CHATILLON, France – Celebration is the mot du jour in France’s Beaujolais region on the third Thursday of November, when winemakers and sellers uncork the season’s Beaujolais Nouveau with feasting and fanfare.
But considerable uncertainty is clouding this year’s celebration of the idiosyncratic wine, known for its youth rather than its age, as the French wine industry finds itself increasingly squeezed by unfavourable geopolitics and turbulent markets.
New American tariffs are threatening profits. Brexit looms. Unrest in Hong Kong has shaken that lucrative market. And China is turning to Chilean and Argentine wines instead.
“Today, world commerce is complicated, especially in a period where the competition is strong,” Dominique Piron, president of the Beaujolais winemakers’ association, told The Associated Press.
Beaujolais, a region spanning 55 kilometres (34 miles) north of Lyon, has spent decades marketing its wines globally.
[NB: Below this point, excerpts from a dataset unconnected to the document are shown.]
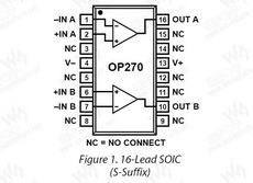 OP270 概述The OP270 is a high-performance monolithic dual operational amplifier with exceptionally low voltage noise, 5nV/(root)Hz at 1kHz Max, offering comparable performance to PMI's industry standard OP-27. The OP270 features an input offset voltage below 75µV and offset drift under 1µV/°C, guaranteed over the full military temperature range. Open-loop gain of the OP270 is over 1,500,000 into a 10k Ohm load insuring excellent gain accuracy and linearity, even in high-gain applications. Input bias current is under 20nA which reduces errors due to signal source resistance. The OP270's CMR of over 106dB and PSRR of less than 3.2µV/V significantly reduce errors due to ground noise and power supply fluctuations. Power consumption of the dual OP270 is one-third less than two OP-27s, a significant advantage for power concious applications. The OP270 is unity-gain stable with a gain-bandwidth product of 5MHz and a slew rate of 2.4V/µs. The OP270 offers excellent amplifier matching which is important for applications such as multiple gain blocks, low-noise instrumentation amplifiers, dual buffers, and low-noise active filters. The OP270 conforms to the industry standard 8-pin DIP pinout. It is pin compatible with the MC1458/1558, SE5532/A, RM4558, and HA5102 dual op amps and can be used to upgrade systems using these devices. |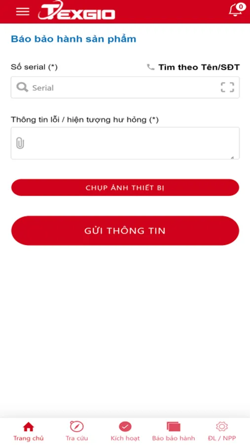 Báo thông tin hỏng, lỗi sản phẩm về trung tâm bảo hành.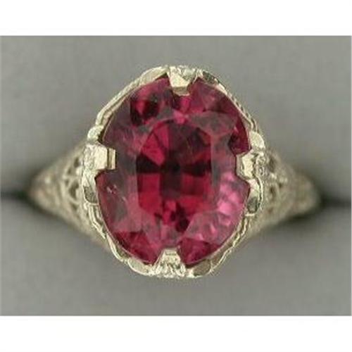 Antique 14k White Gold ring featuring a Genuine Oval GARNET = 3 CARATS! This stunning Garnet is surrounded by exquisite filigree work. The ring is a size 6 and I can resize it for you. It is in Mint condition.

It now exports to more than 110 countries, according to statistics from Vinescence, a wine production company working with 310 winemakers in the area.
Beaujolais Nouveau has seen remarkable success. Half of the wine is exported, notably to Japan, the United States, and the United Kingdom.
Some connoisseurs scoff at the young, inexpensive variety, a proud newcomer amid renowned wines in Burgundy to the north and in Beaujolais itself.
Beaujolais Nouveau producers and defenders, however, say their wine buoys the regional economy and constitutes a significant material and cultural export for France. During the first eight months of 2019, it led French wine regions in exports, according to Piron.
“It’s a wine that goes with most cuisines in the world – very easy to match, even with spices,” he said.
French authorities first designated the appellation in 1951, allowing Beaujolais winemakers to sell wine from that autumn’s grape harvest a month ahead of the usual mid-December start date.
The wine – light, fruity, and not too alcoholic – lends itself to early consumption, producers say. And the time peg lends itself to parties. Producers have marketed it with the holiday season, opening sales a month before Christmas, and a week before Thanksgiving in the United States.
Winemaker Franck Duboeuf will kick off this year’s season in Houston, courting buyers in a country whose government just slapped tariffs on his products. The Trump administration imposed a 25% import tax on most French still wines last month as part of a trade spat with the European Union over illegal subsidies for the aircraft giant Airbus.
Orders had already been set, and places on planes or boats reserved, for this year’s Beaujolais Nouveau by the time the tariffs took effect. Producers said they struck up arrangements to shoulder part of the cost themselves – and distribute most of the rest along the supply chain – in order to retain their American clientele.
On top of the tariffs, uncertainty lingers around trade with the United Kingdom, whose Dec. 12 election will determine the future of Brexit. When and how Brexit takes shape could impact the wine trade.
Changing tastes complicate the picture further. The Japanese, who were buying a “tsunami” of Beaujolais a decade ago, seem to be losing their appetite for the wine, Piron said.
Twelve years ago, French winemakers sold one bottle of Beaujolais Nouveau for every 12 inhabitants in Japan – a total of 12 million bottles per year, according to Piron. Now, Japan imports about half that number.
“It was enormous. It could not have lasted. Because at any moment, trends pass, fashions change,” Piron said.
As once-friendly international markets shrink, some Beaujolais Nouveau producers are turning to new ones like Brazil and Portugal, Duboeuf said.
Others, like winemaker Claire Chasselay, are orienting their businesses toward local consumers instead.
While big producers have bought up many smaller operations in the region, the Chasselay family, which has run vineyards north of Chatillon since the 15th century, seeks to buck that trend.
The Chasselays decided two decades ago to stop spraying their vines, pre-empting the preference for organic products that has gripped younger consumers in recent years and placed pressure on winemakers to adapt their growing techniques.
Though they exported 6,000 of the 22,500 bottles of Beaujolais Nouveau they sold this year, Chasselay prefers to see her wine on nearby shelves and tables.
“It’s important that you enjoy eating at the restaurants that sell your wine, and that you know the people,” she said. “It’s also about that: the pleasure, above all, of the conviviality in your work.”
She loaded one of the season’s last orders into her van and drove it just 17 kilometres (11 miles) to one of her customers – the wine shop and restaurant of Gaetan Vial in Charbonnieres-les-Bains.
Swirling the light red around in his mouth, Vial pronounced it “top-notch.”